Alternatively imprinting molecule binding to bilirubin-containing polymers may be detected by for example change in fluorescence of the polymer. Detection of the binding may also be by detecting unbound imprinting molecule by the high-pressure liquid chromatography (HPLC) method or a detection method appropriate for the target molecule.

In this specification an "agricultural chemical" means chemical products used in agriculture, including insecticides, herbicides, acaricides, anthelmintics and fungicides. In certain preferred embodiments the agricultural chemical is a fungicide. The term "agriculture" means the cultivation of animals, plants, fungi, and other life forms for the purpose of providing food, fibre, bio-fuel, drugs and other products used to sustain and enhance human life.

In this specification an “analogue or derivative” of a agricultural chemical molecule is a molecule that has the same basic structure as the agricultural chemical to be imprinted, and when used to imprint a polymer, produces a polymer that binds the agricultural chemical more strongly than the corresponding non-imprinted polymer. The analogue or derivative will also generally bind to a polymer imprinted with the agricultural chemical, more strongly than to a non-imprinted polymer.

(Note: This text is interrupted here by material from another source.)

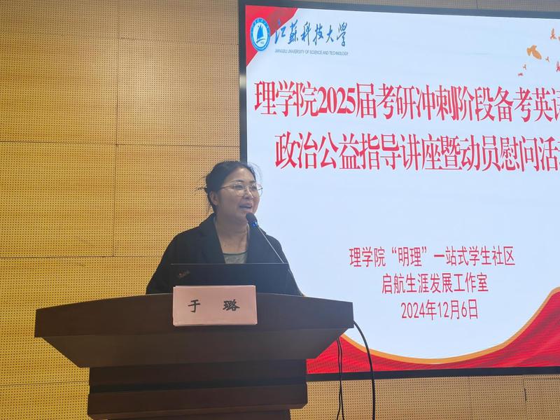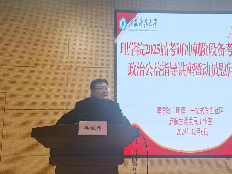12月6日下午,理学院在图书馆B105报告厅举办2025届考研冲刺阶段备考英语、政治公益指导讲座暨动员慰问活动,为考研学子们送上最暖心的鼓励和最真挚的祝福。理学院院长戴俊,2025届毕业班班主任和辅导员以及2025届考研学子参加了本次活动。活动由院党委副书记周志辉主持。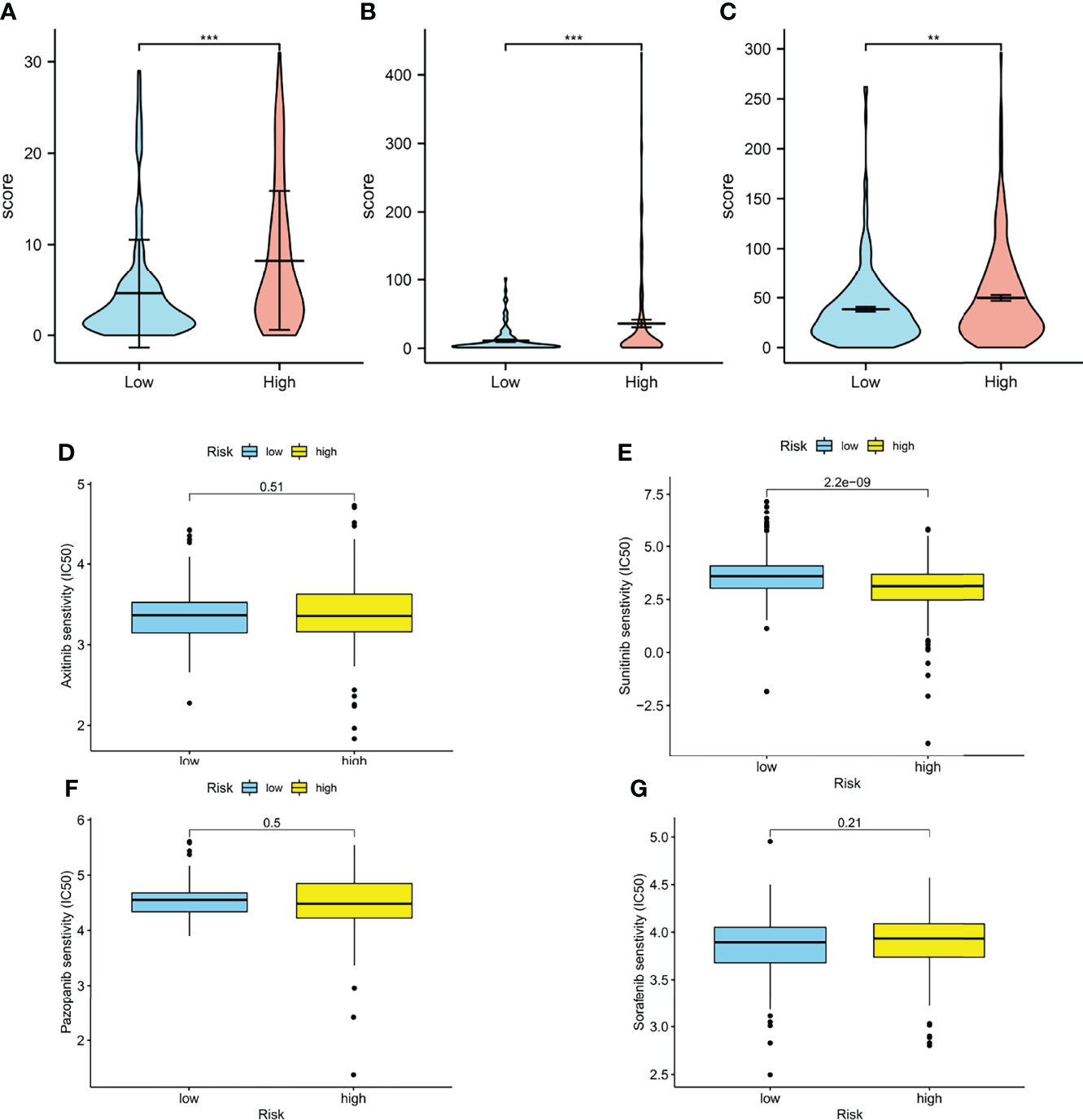 Figure 8 Immune-related biomarkers and drug response. (A) Aneuploidy scores of high- and low-risk groups (p < 0.001). (B) TCR (p < 0.001) and BCR (p < 0.01) scores of high- and low-risk groups. (D–G) Boxplots of estimated half-maximal inhibitory concentration (IC50) of the high- and low-risk groups for antitumor drugs: axitinib (D, p = 0.51), sunitinib (E, p < 0.001), pazopanib (F, p = 0.5), and sorafenib (G, p = 0.21) (*p < 0.0, **p < 0.001, ***p < 0.001).

The analogue or derivative generally has the same ring structure.

In another aspect, the invention provides a method for the removal of an agricultural chemical having a heterocyclic ring from an aqueous liquid, preferably a drink or an ingredient of a drink or food, comprising: a) contacting an imprinted polymer imprinted with the agricultural chemical molecule, wherein the matrix of the polymer has been prepared from one or more monomers including bilirubin or a mono-or di-ester or amide thereof, with an aqueous liquid to remove at least a portion of the agricultural chemical, and b) separating the aqueous liquid with decreased agricultural chemical content from the polymer binding agricultural chemical, wherein the heterocyclic ring has 1-3 nitrogen atoms.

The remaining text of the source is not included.